ChatGPT - Conjecture disproving strategy

A conversational AI system that listens, learns, and challenges

ChatGPT
I encountered no issues with hallucinations or other AI-generated nonsense. I think the reason for this is that I already had a pretty good idea of what the tedious computational tasks that needed to be performed, and could explain them in detail to the AI in a step-by-step fashion, with each step confirmed in a conversation with the AI before moving on to the next step. After switching strategies to the conversational approach, external validation with Python was only used at the very end, when the AI was able to generate numerical outputs that it claimed to obey the required constraints (which they did).
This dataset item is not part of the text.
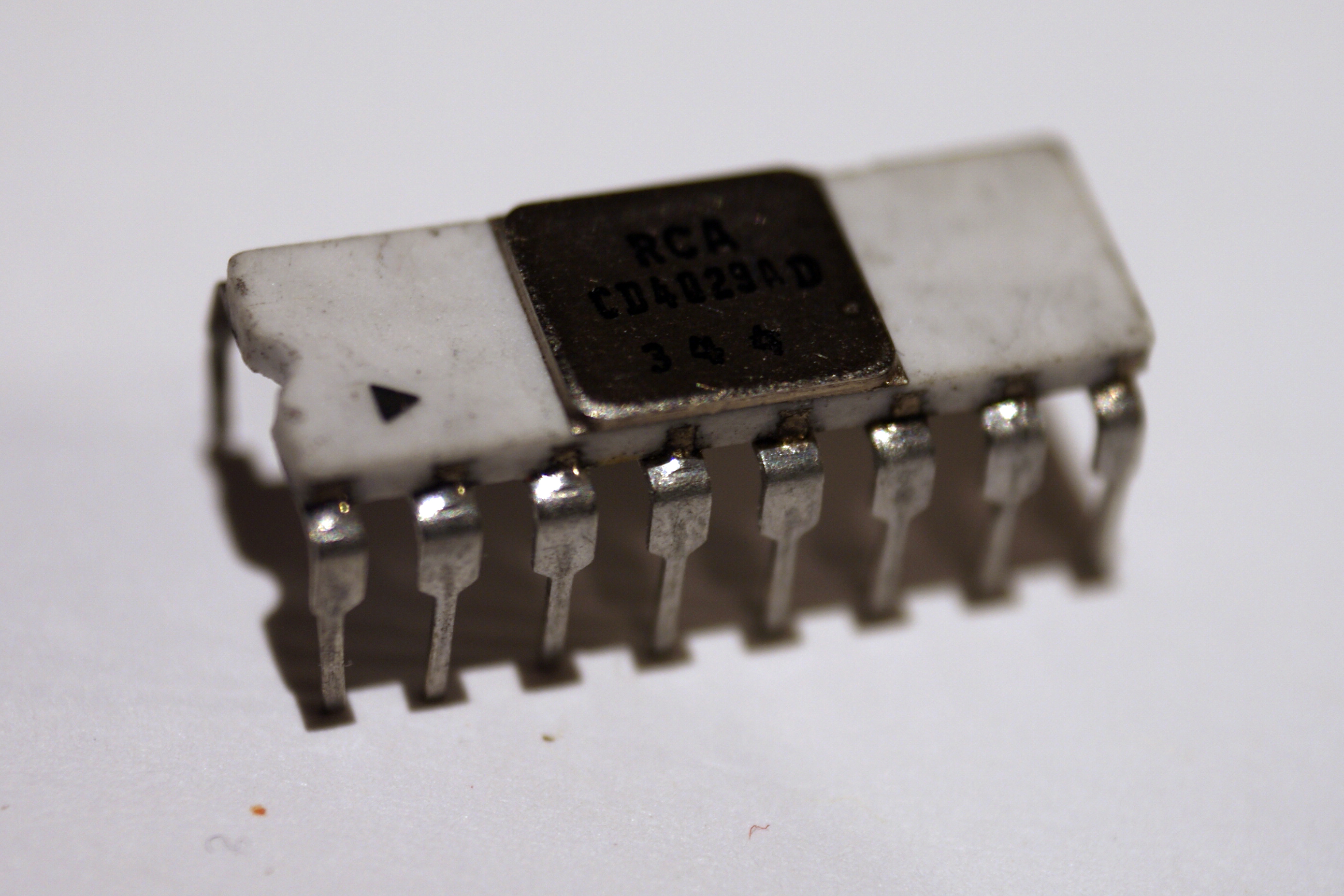 A really old 4029 CMOS IC

@tao I agree that step-by-step strategy most times works
@tao that said recent chain of thought work has made hallucination a lot better. I’m still curious what sorts of solutions will come from the neuro symbolic approach and how much incremental value these approaches will have.
@mchav When you say that hallucination is a lot better now what do you mean? That it is less frequent? That it is more obviously wrong so it is easier to spot? That it is as frequent as before but somehow less incorrect?
@oantolin @mchav As a rough analogy, without chain-of-thought the model is blurting out the first thing that comes to mind. With chain-of-thought, the model will think about the options, try different solutions, double-check its work, etc. And testing shows that the more it thinks, the more likely it is to get the right answer.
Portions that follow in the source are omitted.